Zanzibar's women at forefront of new era

六月 4, 2004

Zanzibar, which for decades sent its students to the mainland 25 miles away or to the Soviet Union, finally has two universities, one private and one state-owned.

An attempt to set up Zanzibar's first university failed in 1998. British businessman Thomas Wells' East Africa Development Company had been raising funds to build a marina, offshore banking facilities, a mosque and university in Nungwi, the northern tip of Zanzibar Island.

But Mr Wells was arrested for his part in a financial scandal that resulted in resignations from the island's government. The EADC scheme's collapse dashed hopes of a university in an area where 60 per cent of the population is under 20.

The provision of education through private funds was outlawed on Zanzibar after the 1964 socialist revolution. In the 1990s, a Tanzanian form of Perestroika opened the door to attempts to establish a local university.
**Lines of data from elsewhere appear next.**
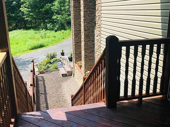 Master builders own home, unique design/style contemporary built on a hill side with privacy on 7.17 acres. Beautiful cultured stone front and columns. Graveled pathway leads to covered front porch. Large workshop near the foot of the driveway with electric and 12 ft ceilings. 26x26 machine shed, kennels built on pad with electric and water, chicken coop, 900 sq ft of fenced garden area. Large oval above ground pool, play equipment. Level lawn for great summer fun. The incredible house has a workout/gym area, a private guest area, full bath, large utility room in lower level. Kitchen w/ white oak floors, hickory cabinets, granite counters, ss appliances, dinning area, huge living room w/ floor to ceiling stone double flue chimney for woodstove, and the pellet stove on the lower level, a balcony over looks the room with 24 ft high ceiling, laundry, 1/2 bath, office space, family room and mud room occupy the 1st level, come see 2nd floor details with 4 bedrooms 2 baths. Don't miss it.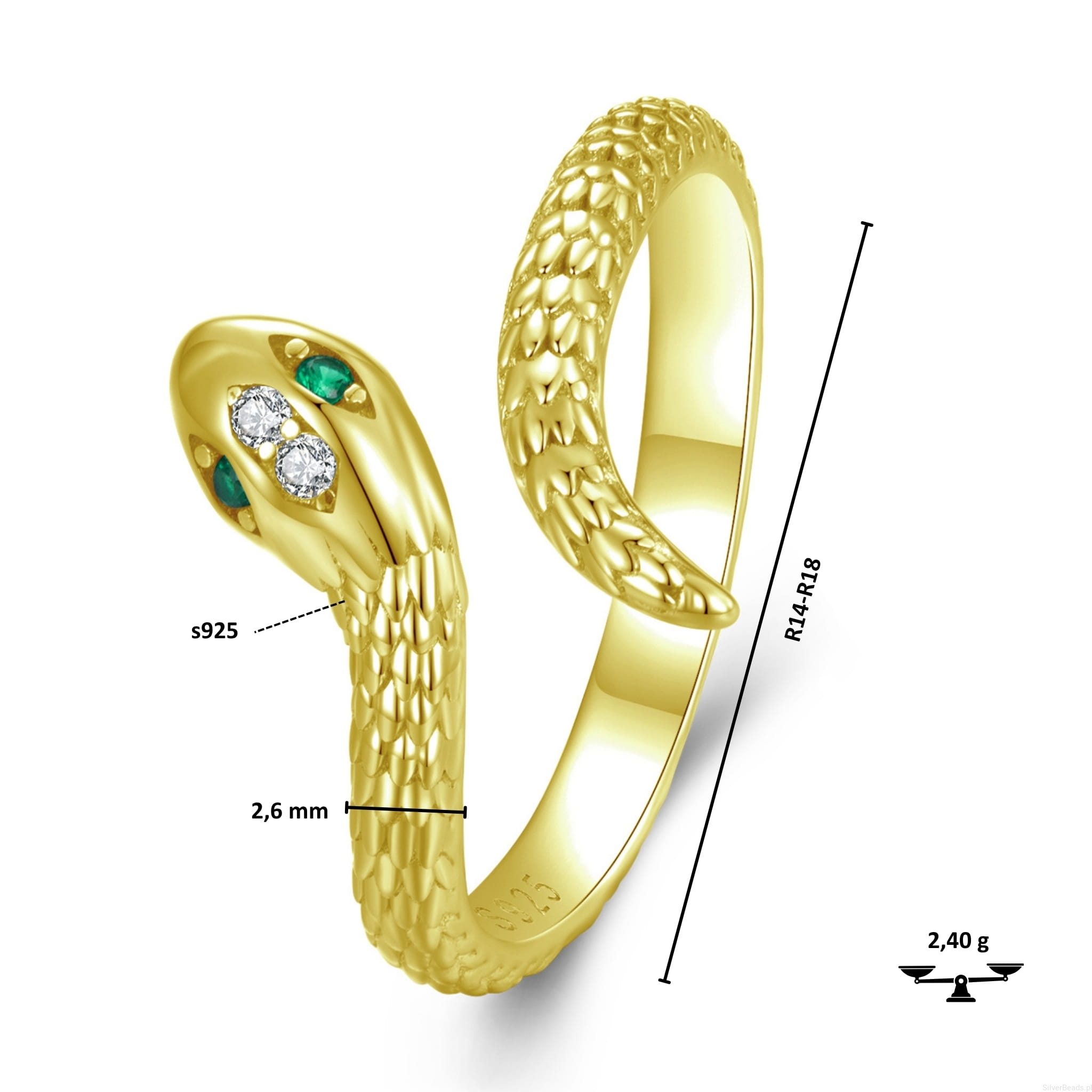 Srebrny pozłacany pierścionek regulowany ZIELONOOKI WĄŻ srebro 925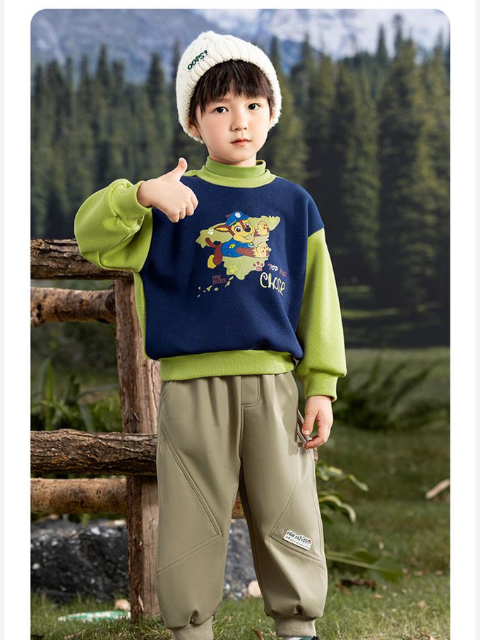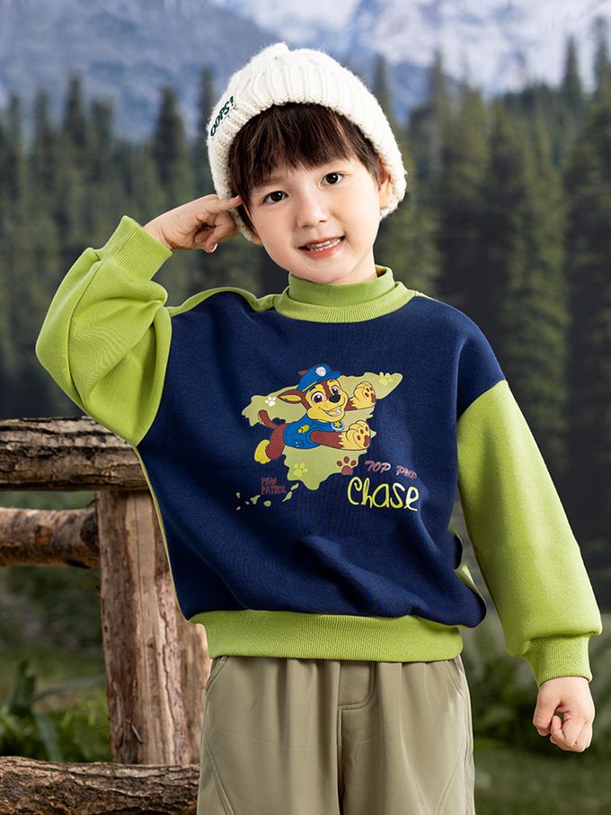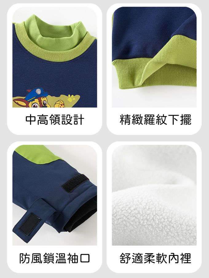 卡通汪汪隊加絨半高領假兩件長袖上衣-卡通人物阿奇-藏青x綠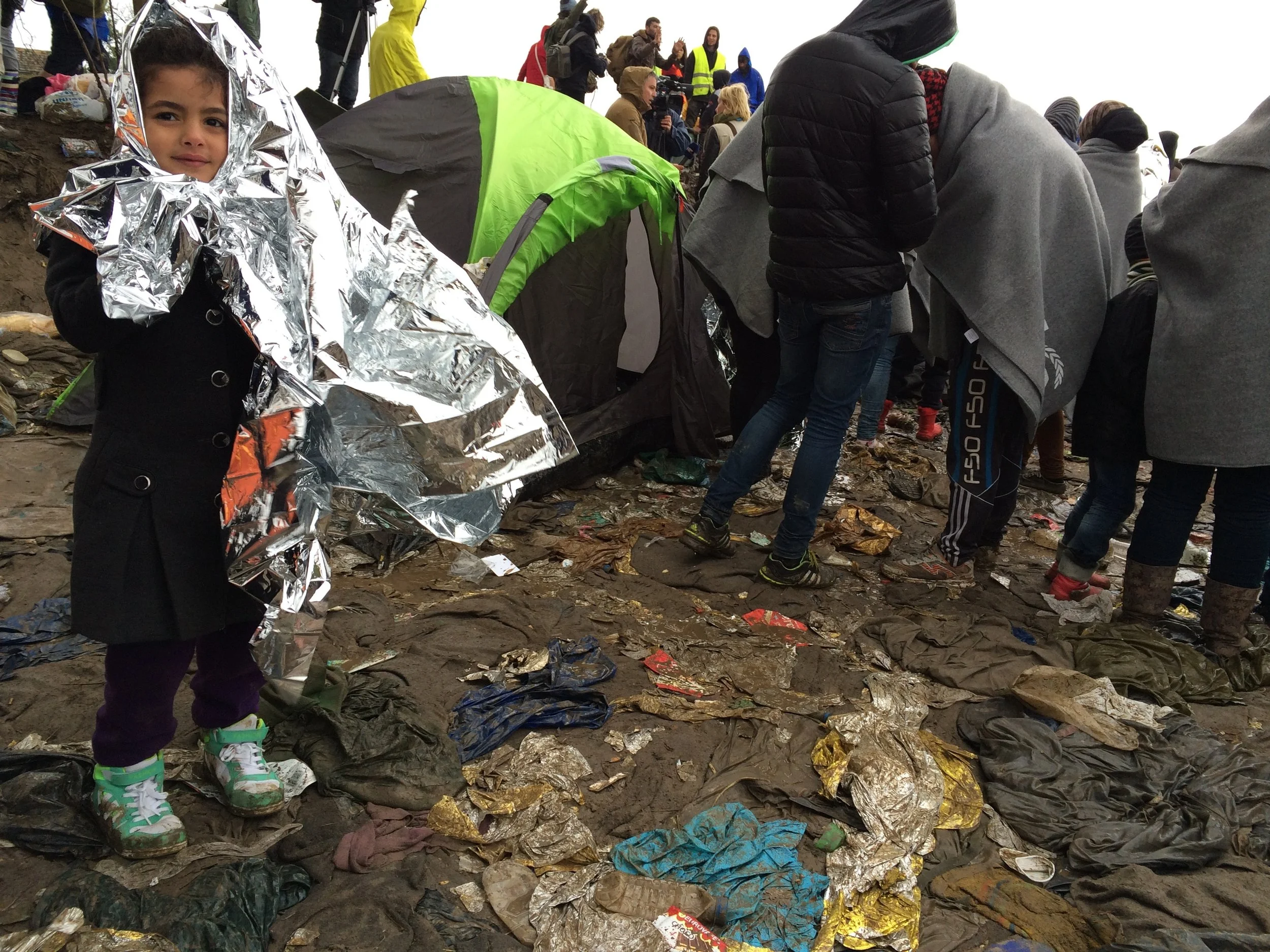 This image was taken on the border between Syria and Croatia in October 2015 when thousands of migrants were fleeing Syria and headed for Europe. It was cold and raining and it was not clear when the border gates would open. Brave girls like this one kept hopes alive.

When the EADC project collapsed, the Darul Iman Charitable Association was in discussions with the Tanzanian government about building a technical college in Tunguu, 12 miles from Stone Town, the island's capital.
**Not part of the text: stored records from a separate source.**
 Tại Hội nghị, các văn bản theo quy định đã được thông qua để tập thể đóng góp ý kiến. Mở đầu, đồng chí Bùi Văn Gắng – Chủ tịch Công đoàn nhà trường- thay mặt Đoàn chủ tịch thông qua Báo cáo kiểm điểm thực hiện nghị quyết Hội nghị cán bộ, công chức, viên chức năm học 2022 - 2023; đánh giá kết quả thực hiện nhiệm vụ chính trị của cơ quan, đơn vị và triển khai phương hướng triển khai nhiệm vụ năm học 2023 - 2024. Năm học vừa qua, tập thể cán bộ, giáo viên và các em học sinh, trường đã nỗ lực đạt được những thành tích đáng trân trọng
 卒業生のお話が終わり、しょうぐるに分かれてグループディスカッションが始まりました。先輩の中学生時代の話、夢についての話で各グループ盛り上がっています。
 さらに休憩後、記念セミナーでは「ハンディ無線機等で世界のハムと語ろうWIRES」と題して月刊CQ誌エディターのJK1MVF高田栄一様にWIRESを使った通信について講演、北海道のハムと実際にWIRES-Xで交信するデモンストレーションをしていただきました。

The private college was redesignated Zanzibar University. It is primarily a business school, with a centre for small business development linked to the Euro-African Management Research Centre in Maastricht. It charges local students 800 shillings (£390) a year, and US$1,000 a year to students outside Zanzibar.

Since the university opened in 1998, faculties of law, arts and social sciences have been added.

The opening hastened a state initiative to establish the State University of Zanzibar (Suza). It opened in 1999 in converted government buildings near Stone Town. Amani Abeid Karume, the island's president, is its chancellor.

Suza has been arts based but the first science students are due to be admitted in September. Islanders receive free tuition - there are more than 300 students. Five more faculties are planned - engineering, business, agriculture, law and medicine.

For an island that has seen acute poverty since the imposition of African socialism, the arrival of a new state university is a big step forward.

There has been an unexpectedly large uptake of places among young women.

The university has 98 female and 88 male students.

"Boys can find they can make money from tourism, so they do not want to come," said Suleiman Juma, the university's principal administrative officer. "We wonder what will happen in a few years when the women on Zanzibar are better educated than their husbands."